Born in 1904 in North Carolina to sharecropping parents, Flemmie Pansy Kittrell was the eighth of nine children. From the age of 11, she worked as a cook and maid to help fund her education. Her perseverance paid off when she earned her Ph.D. in Nutrition from Cornell University in 1936, becoming the first Black woman in the United States to do so.

Dr. Flemmie P. Kittrell

Kittrell returned to her undergraduate alma mater, Hampton University, to teach and eventually led the Department of Home Economics. She became dean of women and the first Black female trustee at the university. Later, she chaired the Home Economics program at Howard University and directed the nation’s first full-scale nutritional survey abroad.

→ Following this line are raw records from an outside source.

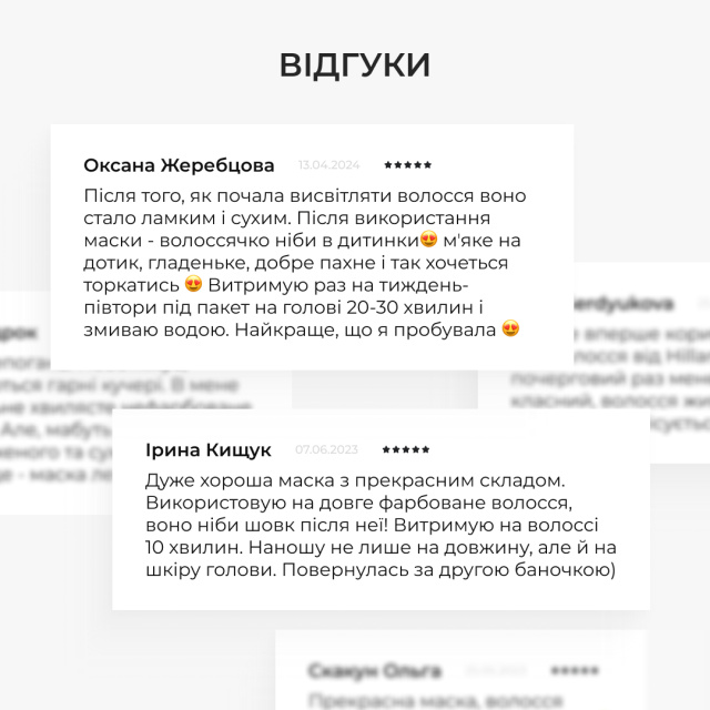 Маска підходить для будь-якого типу волосся та забезпечує інтенсивне відновлення по всій довжині. Формула на основі ізофлавонів бамбука, протеїнів пшениці та лецитину працює на глибокому рівні, зміцнюючи волосся природним шляхом. Маска зволожує, згладжує, додає блиску й не обтяжує, залишаючи волосся м’яким і доглянутим. Не містить SLS, силіконів і парабенів.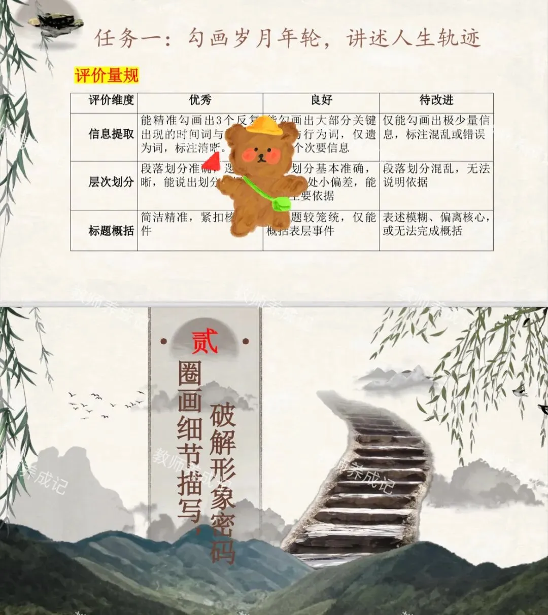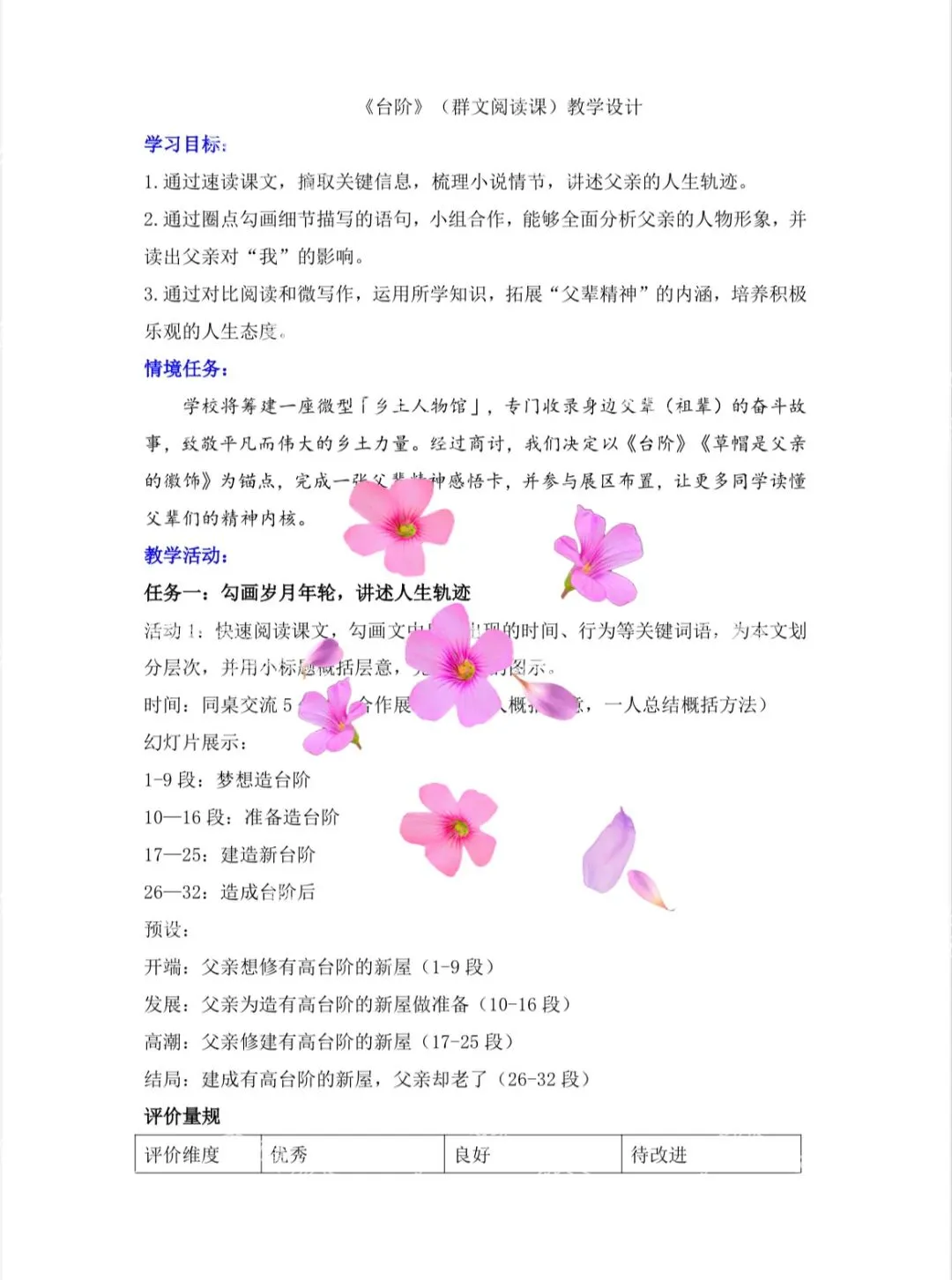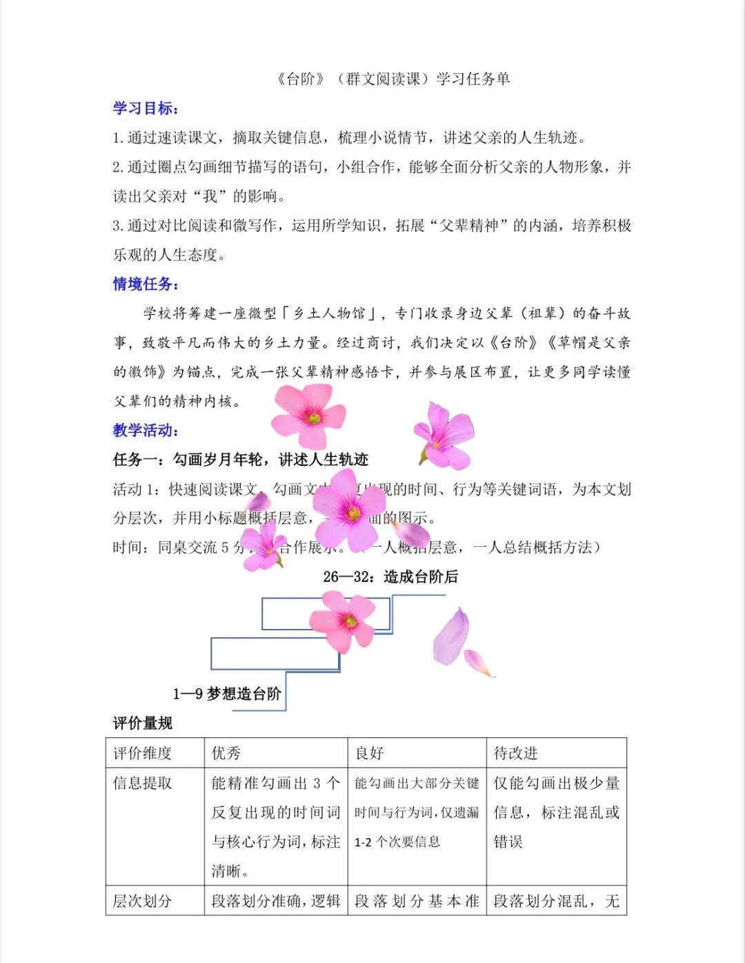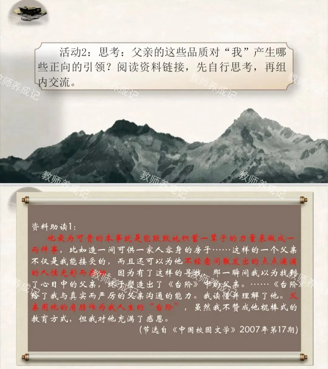 情境任务:学校将筹建一座微型「乡土人物馆」,专门收录身边父辈(祖辈)的奋斗故事,致敬平凡而伟大的乡土力量。经过商讨,我们决定以《台阶》《草帽是父亲的徽饰》为锚点,完成一张父辈精神感悟卡,并参与展区布置,让更多同学读懂父辈们的精神内核。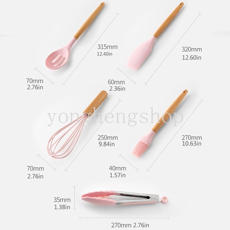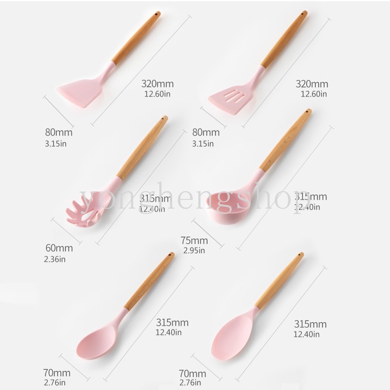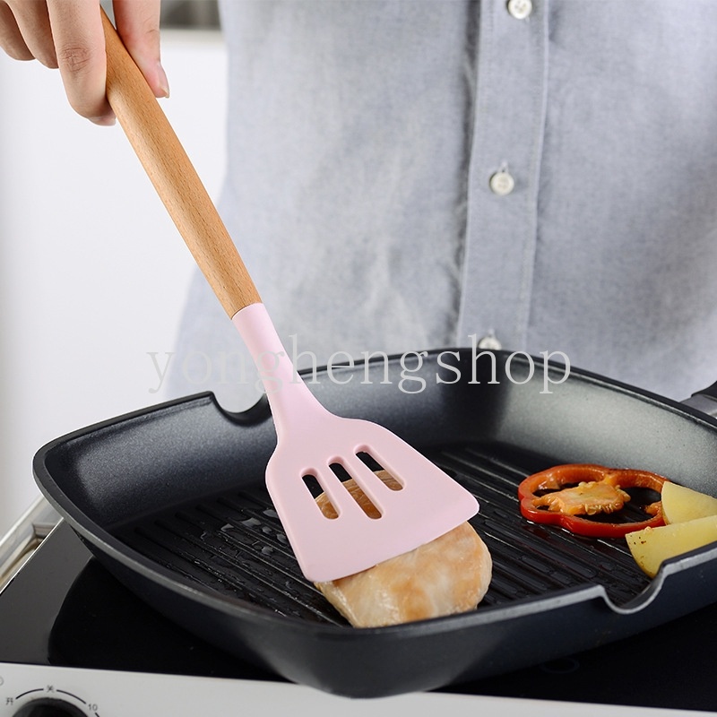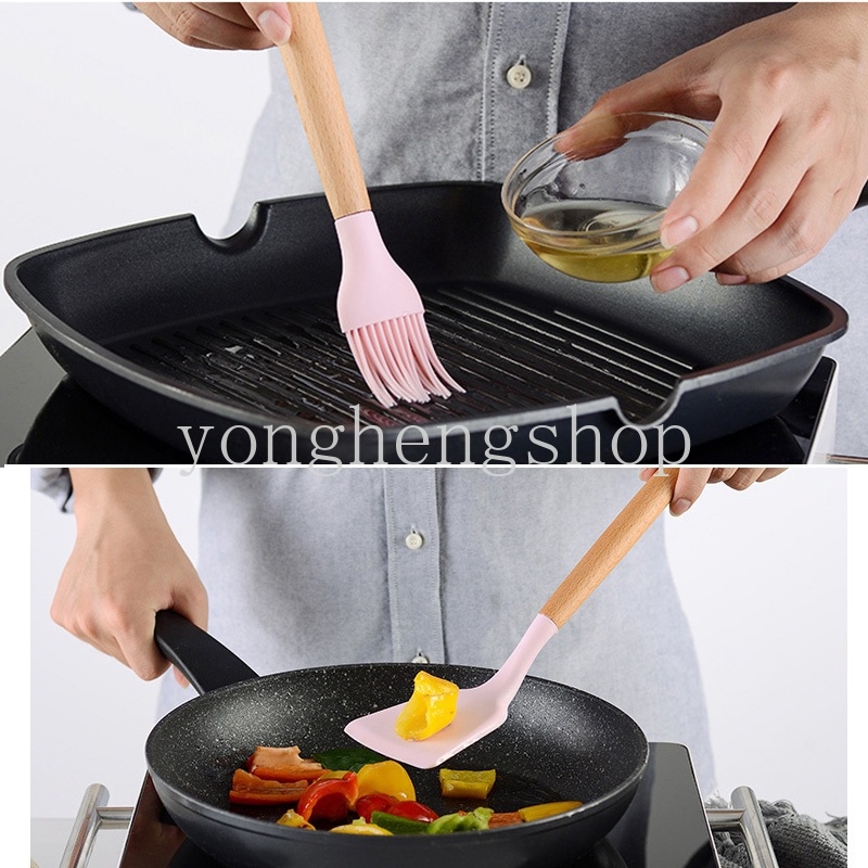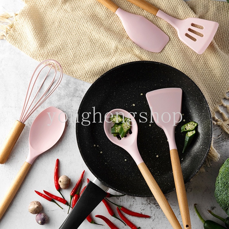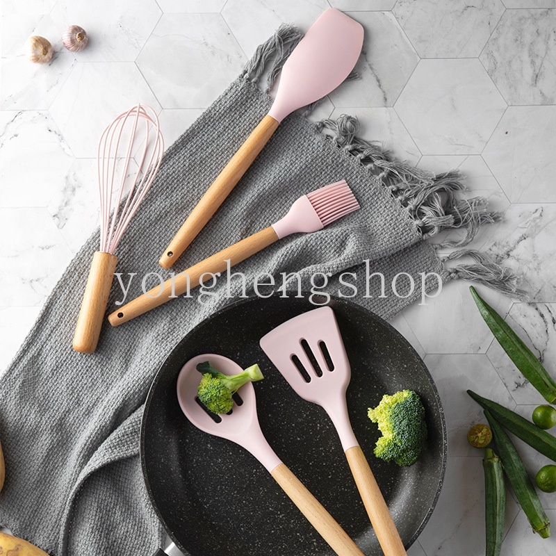 Creative Wooden Handle Non-Stick Silicone Kitchenware Pink Soup Spoon Spatula Brush Scraper Pasta Egg Beater Kitchen Cooking Tool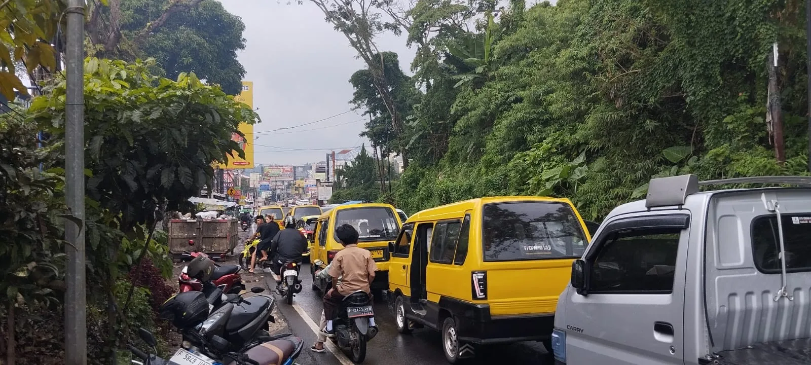 Pantauan di lapangan, Jumat (28/2/2025), pukul 14.15 WIB, kemacetan terjadi di depan Kantor Desa Sindanglaya menuju Pasar Cipanas. Kondisi serupa juga terlihat dari kantor pos Cipanas ke arah Pacet.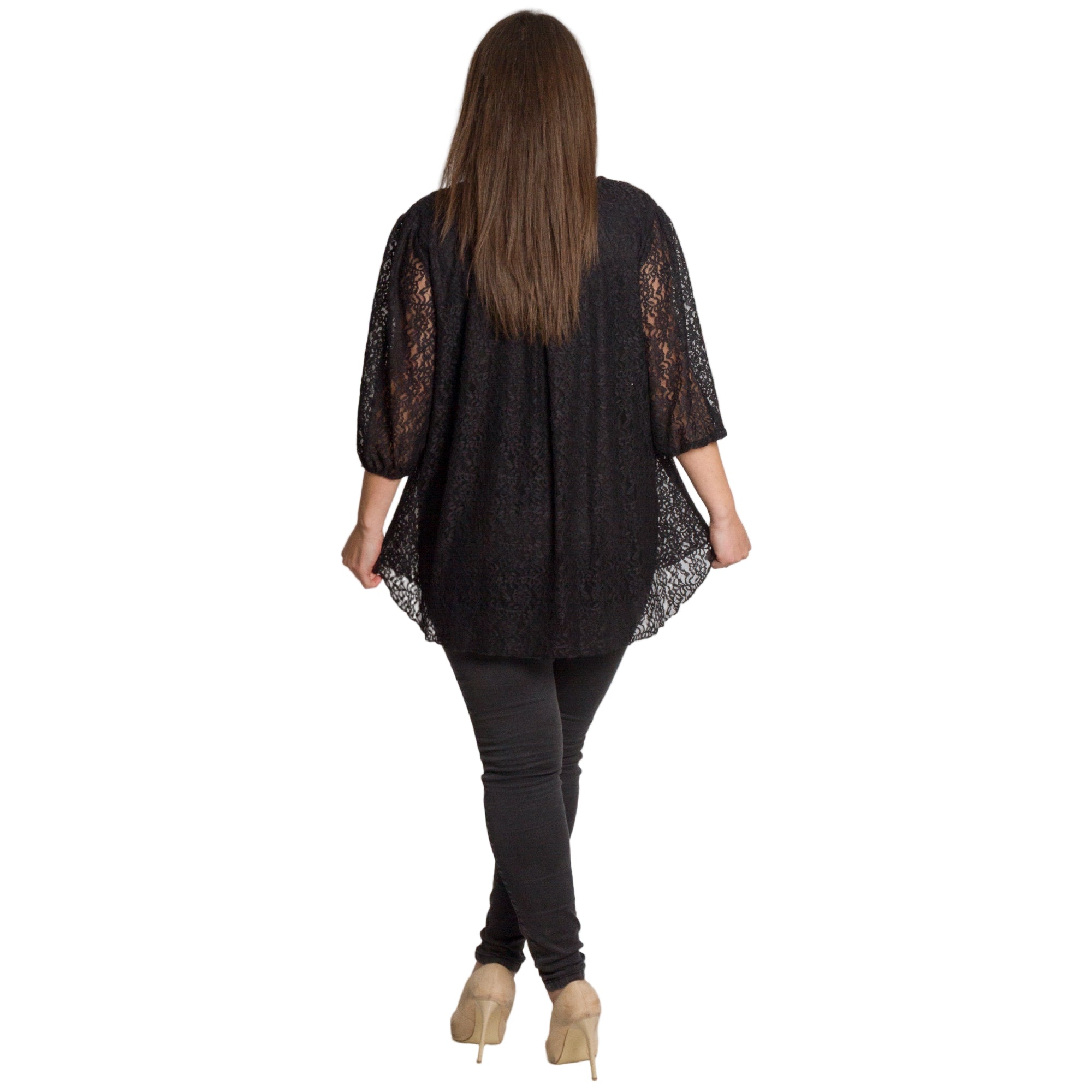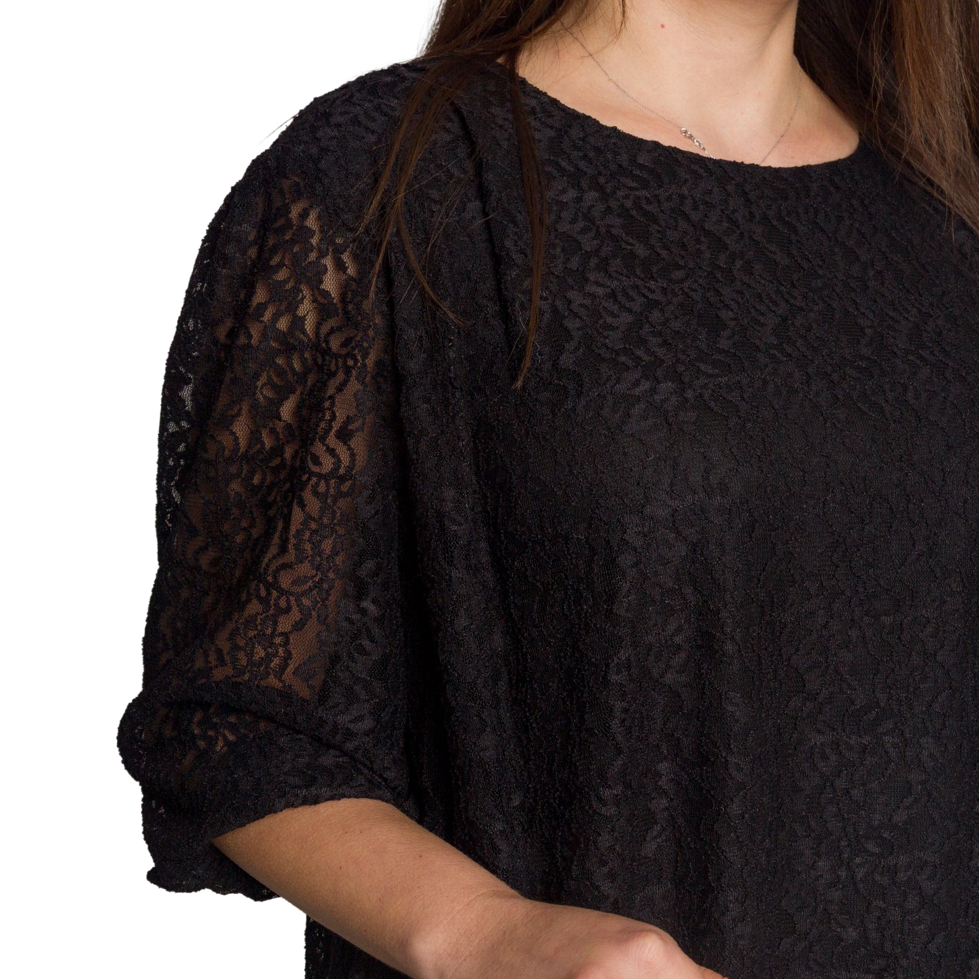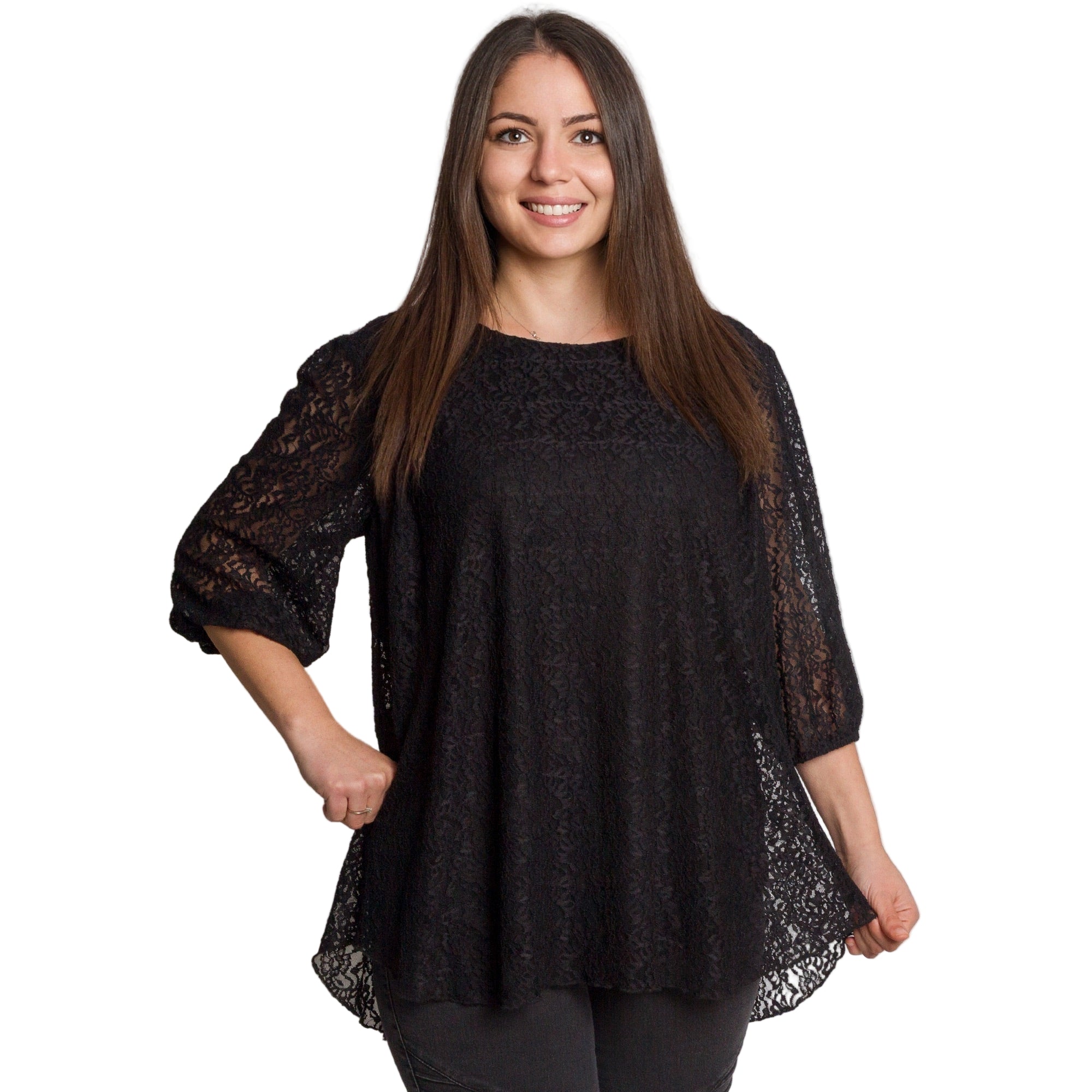 Тази изискана черна туника от дантела е перфектният избор за официални поводи, празнични вечери и специални моменти. Моделът е изработен от висококачествена дантелена материя, която придава луксозно и нежно излъчване, без да прави компромис с удобството. Разкроената линия пада леко и свободно по тялото, осигурявайки комфорт и красиво подчертаване на фигурата в плюс сайз размери. Дантелата е стилно оформена с фини флорални мотиви, а облото деколте придава класическа и женствена визия. Подходяща за комбинация с елегантен панталон или пола, тази туника е универсално и стилно решение за есенно-зимните месеци.

Her research went beyond food. Kittrell was deeply interested in holistic child development, studying how the environment, nutrition, and health intersect to shape early learning. In the 1960s, she directed an experimental nursery at Howard University, a model that laid the groundwork for the federal Head Start program.

Through her advocacy, Kittrell coined the term “hidden hunger”, highlighting people who had enough food but insufficient nutrition. She trained thousands of professionals for the Head Start initiative and consulted internationally on children’s health and nutrition.

A D.C. resident, Kittrell was often at the White House with First Lady Eleanor Roosevelt championing global hunger issues and women’s rights. Her work continues to impact millions of children in low-income households across the United States.

Kittrell transformed the lives of children and families through nutrition, early education, and empowerment, showing how one person’s vision can change a nation.